§ YOUR GOAL
Transcribe the listing that follows in full, omitting pictures.

§ THE DATA
BEGIN

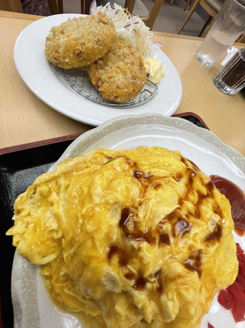 当直明けからの息子の⚽️試合見てからのAKC♨️ とろとろオムライスにコロッケでいつもの腹パン😵 からの🈂️アツアツ🔥じゅ〜 じょうろロウリュはやっぱりアツアツ🔥でますますじゅじゅ〜🔥 からのひんやり外気浴がきもてぃ😵💫 そして帰り渋滞でちーん😭
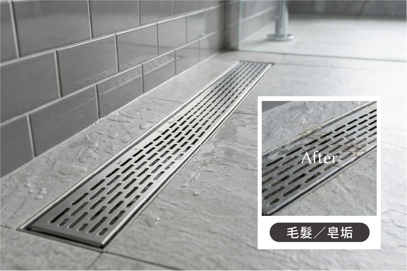 ☛ 長型排水溝: 使用便利的同時,也需建立定期清潔的習慣。
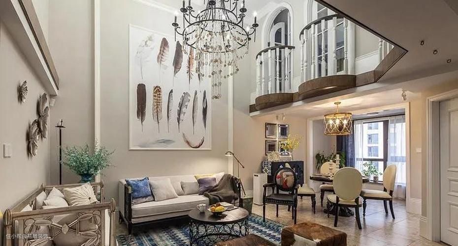 ▲ 一盏高颜值的大吊灯是挑高型客厅的绝佳搭配

END

§ EXERCISE OUTPUT
 当直明けからの息子の⚽️試合見てからのAKC♨️ とろとろオムライスにコロッケでいつもの腹パン😵 からの🈂️アツアツ🔥じゅ〜 じょうろロウリュはやっぱりアツアツ🔥でますますじゅじゅ〜🔥 からのひんやり外気浴がきもてぃ😵💫 そして帰り渋滞でちーん😭
 ☛ 長型排水溝: 使用便利的同時,也需建立定期清潔的習慣。
 ▲ 一盏高颜值的大吊灯是挑高型客厅的绝佳搭配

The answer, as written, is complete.